Architecting Cloud Native Applications
Architecting Cloud Native ApplicationsArchitecting Cloud Native Applications
Architecting Cloud Native Applications
WSO2
 

Último (20)

Repurposing LNG terminals for Hydrogen Ammonia: Feasibility and Cost Saving
Repurposing LNG terminals for Hydrogen Ammonia: Feasibility and Cost SavingRepurposing LNG terminals for Hydrogen Ammonia: Feasibility and Cost Saving
Repurposing LNG terminals for Hydrogen Ammonia: Feasibility and Cost Saving
 
AXA XL - Insurer Innovation Award Americas 2024
AXA XL - Insurer Innovation Award Americas 2024AXA XL - Insurer Innovation Award Americas 2024
AXA XL - Insurer Innovation Award Americas 2024
 
Powerful Google developer tools for immediate impact! (2023-24 C)

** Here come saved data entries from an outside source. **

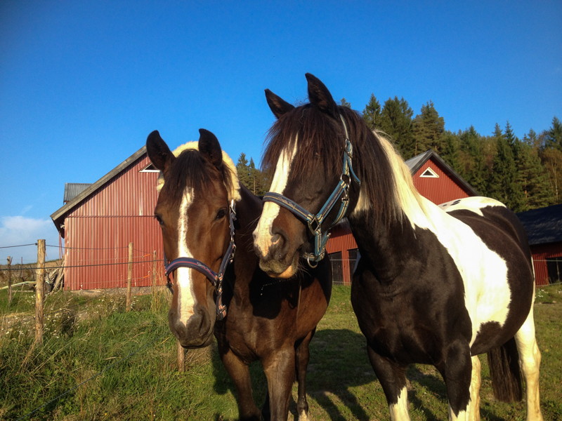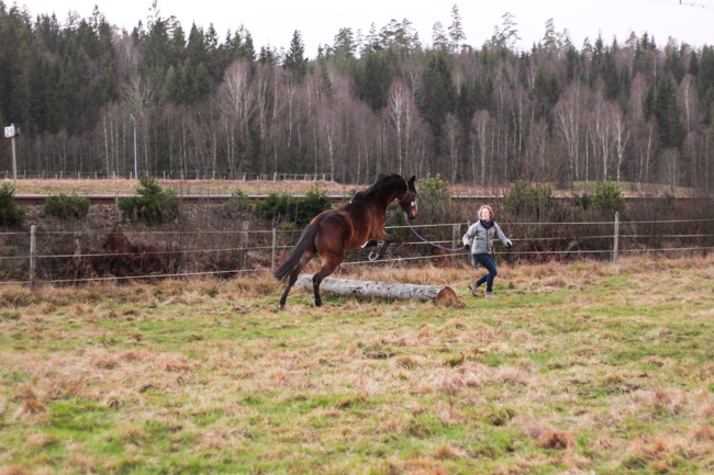 Kaprifol var lite mera taggad, så jag höll mig själv nere på backen idag också och tog med mig henne ner till gläntan i grimma och longerlina. Först fick hon busa av sig lite energi och sedan longerade jag henne i skritt och lite trav och tränade lite lydnad. Hon fick även gå över ett par ”cavalettibommar” (pinnar) och skutta över ett pyttelitet hinder byggt av två stubbar och en liten trädstam. =)
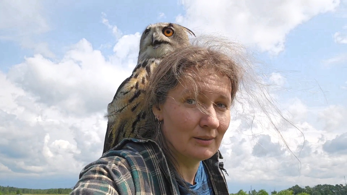 Сова филин Ёль выезжает из люпинового поля на Чуме Болотной, - не каждый может себе такое позволить
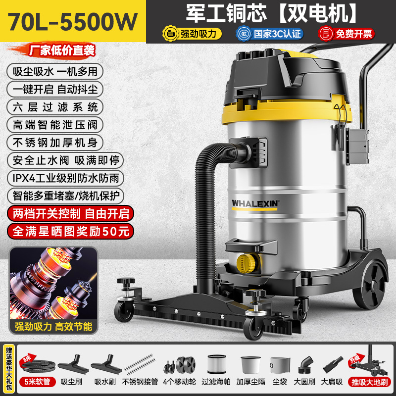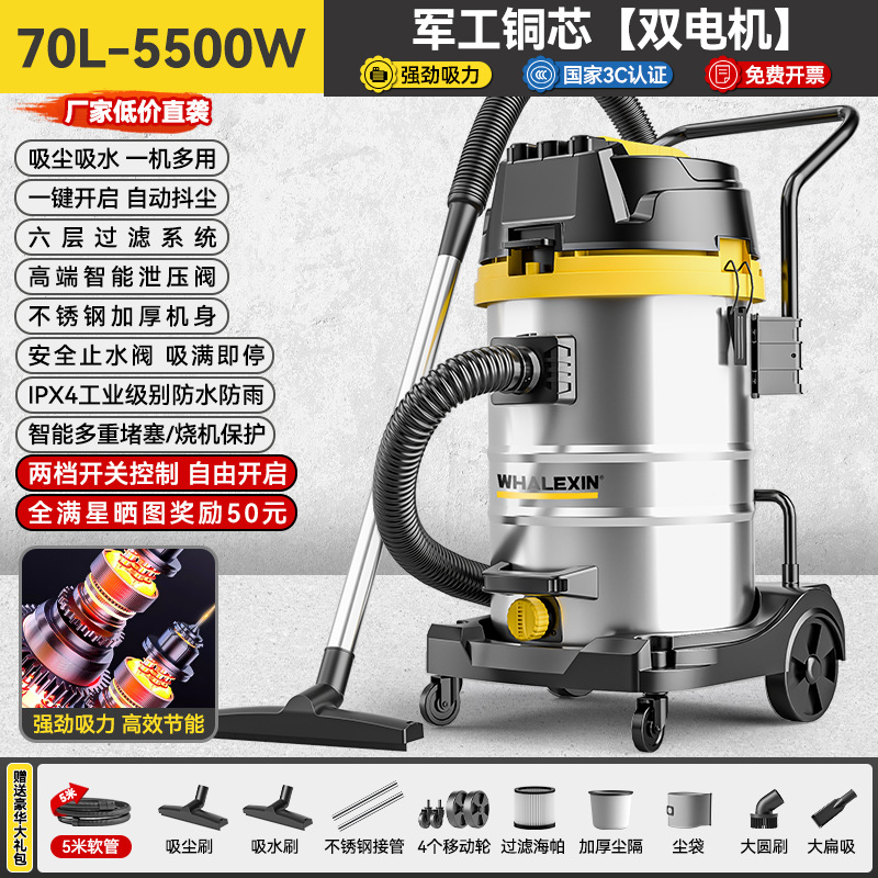• 푸시 및 흡입 모델 70L [5500W 피크 전력] 내장 이중 구리 모터 + 5m 튜브 + 1
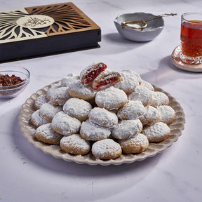 كحك ورد، مع طعم الورد الطبيعي اللي بيضيف لمسة فخامة على الحلويات. العجينة الخفيفة مع لمسة الورد بتخلي كل لقمة طيبة ومميزة. بتكون الخيار المثالي لو كنت بدك تقدّم شيء مختلف وغريب في العيد، وهاد الكحك بيزيد من جمال ضيافتك.
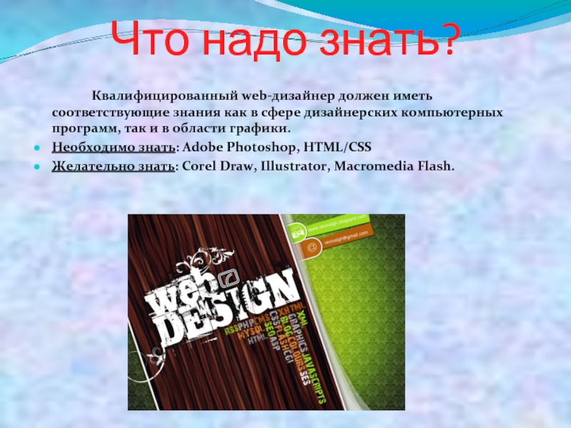 Квалифицированный web-дизайнер должен иметь соответствующие знания как в сфере
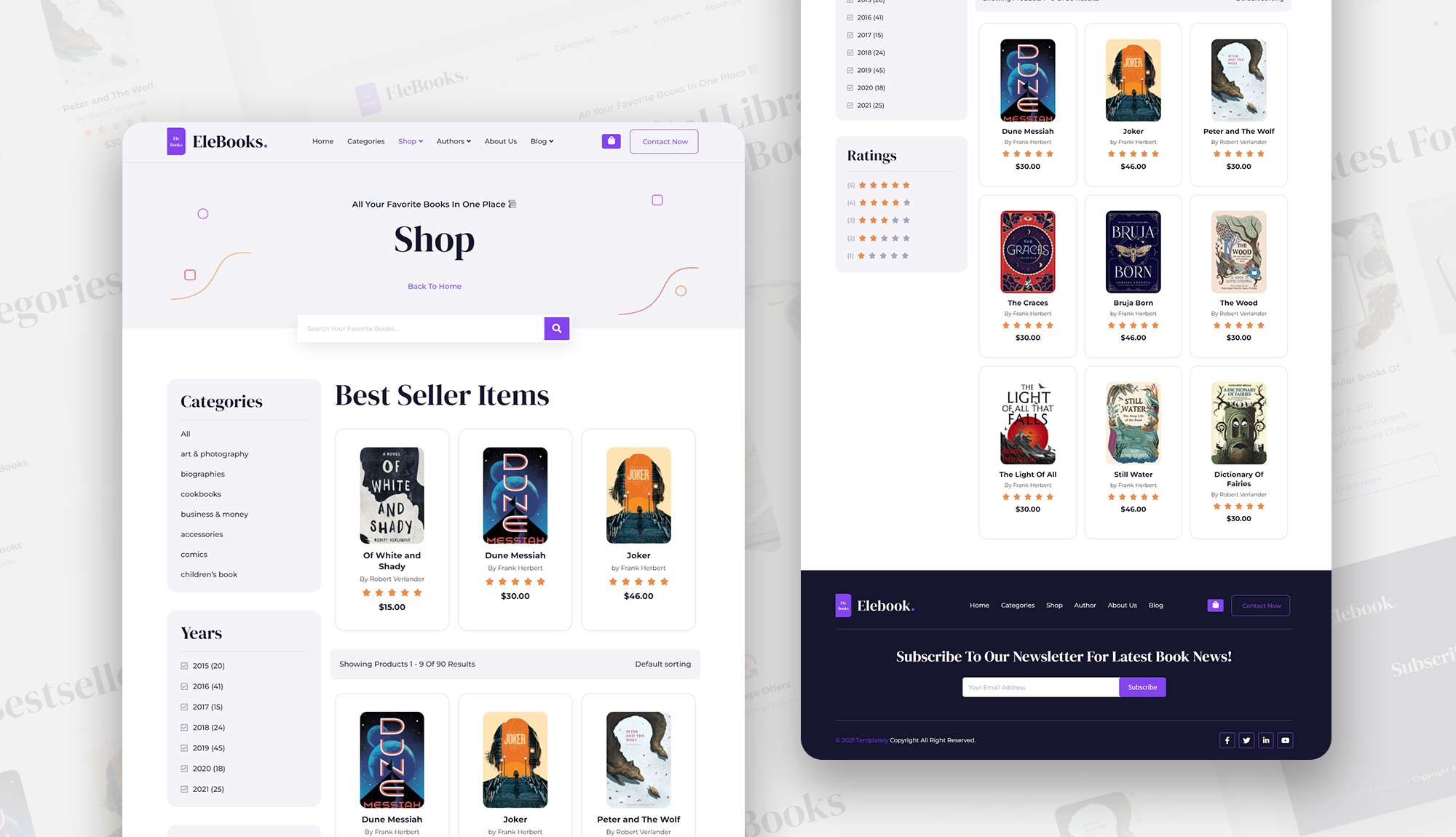 EleBook eBook Website Template Shop Page Templately

Powerful Google developer tools for immediate impact! (2023-24 C)Powerful Google developer tools for immediate impact! (2023-24 C)
Powerful Google developer tools for immediate impact! (2023-24 C)
 
2024: Domino Containers - The Next Step. News from the Domino Container commu...

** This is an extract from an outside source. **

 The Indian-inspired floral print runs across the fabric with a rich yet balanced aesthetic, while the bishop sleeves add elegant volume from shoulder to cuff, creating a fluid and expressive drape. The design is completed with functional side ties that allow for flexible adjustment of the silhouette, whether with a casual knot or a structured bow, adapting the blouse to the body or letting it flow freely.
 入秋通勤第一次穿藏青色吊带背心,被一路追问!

2024: Domino Containers - The Next Step. News from the Domino Container commu...2024: Domino Containers - The Next Step. News from the Domino Container commu...

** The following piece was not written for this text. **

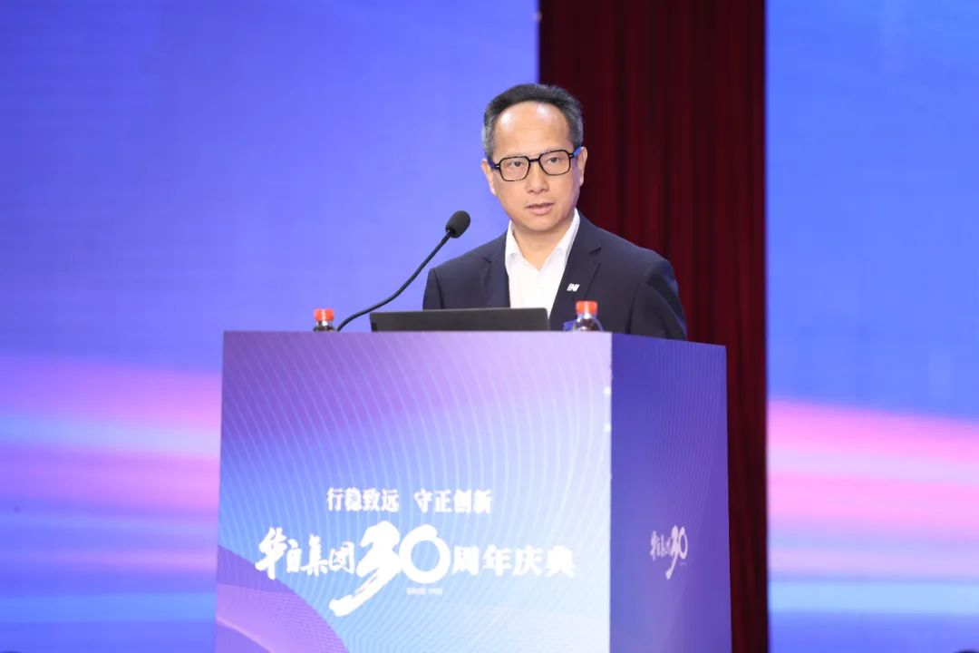 天行(中国)集团董事长黄文宝发表庆典开幕致辞,回顾集团三十年筚路蓝缕的发展历程,并对一直支持天行(中国)发展的各级政府、新老用户、合作伙伴、社会同仁等表示衷心感谢。他表示,天行(中国)的发展历程,征途漫漫,从租来的办公室到五城六大基地,从立足湘土的小企业成长为多元化、国际化企业。跨越三十周年,迈向百年征程,公司将紧紧围绕国家战略、聚焦市场需求,深拓新能源业务,创新不辍,坚定不移走绿色低碳发展之路。 湖南湘江新区党工委副书记周凡对公司三十年发展所取得的成果予以肯定,他表示,天行(中国)集团从初创到辉煌,展现了敢为人先的湖湘精神,诠释了产业报国的坚定信念。在当前国家绿色低碳发展重大战略部署下,希望集团在新征程中紧抓发展机遇,持续开拓创新,为实现双碳目标贡献力量。

2024: Domino Containers - The Next Step. News from the Domino Container commu...
 
TrustArc Webinar - Stay Ahead of US State Data Privacy Law Developments
TrustArc Webinar - Stay Ahead of US State Data Privacy Law DevelopmentsTrustArc Webinar - Stay Ahead of US State Data Privacy Law Developments
TrustArc Webinar - Stay Ahead of US State Data Privacy Law Developments
 
FWD Group - Insurer Innovation Award 2024
FWD Group - Insurer Innovation Award 2024FWD Group - Insurer Innovation Award 2024
FWD Group - Insurer Innovation Award 2024
 
AWS Community Day CPH - Three problems of Terraform
AWS Community Day CPH - Three problems of TerraformAWS Community Day CPH - Three problems of Terraform
AWS Community Day CPH - Three problems of Terraform
 
MINDCTI Revenue Release Quarter One 2024
MINDCTI Revenue Release Quarter One 2024MINDCTI Revenue Release Quarter One 2024
MINDCTI Revenue Release Quarter One 2024
 
Navi Mumbai Call Girls 🥰 8617370543 Service Offer VIP Hot Model
Navi Mumbai Call Girls 🥰 8617370543 Service Offer VIP Hot ModelNavi Mumbai Call Girls 🥰 8617370543 Service Offer VIP Hot Model
Navi Mumbai Call Girls 🥰 8617370543 Service Offer VIP Hot Model
 
Apidays Singapore 2024 - Scalable LLM APIs for AI and Generative AI Applicati...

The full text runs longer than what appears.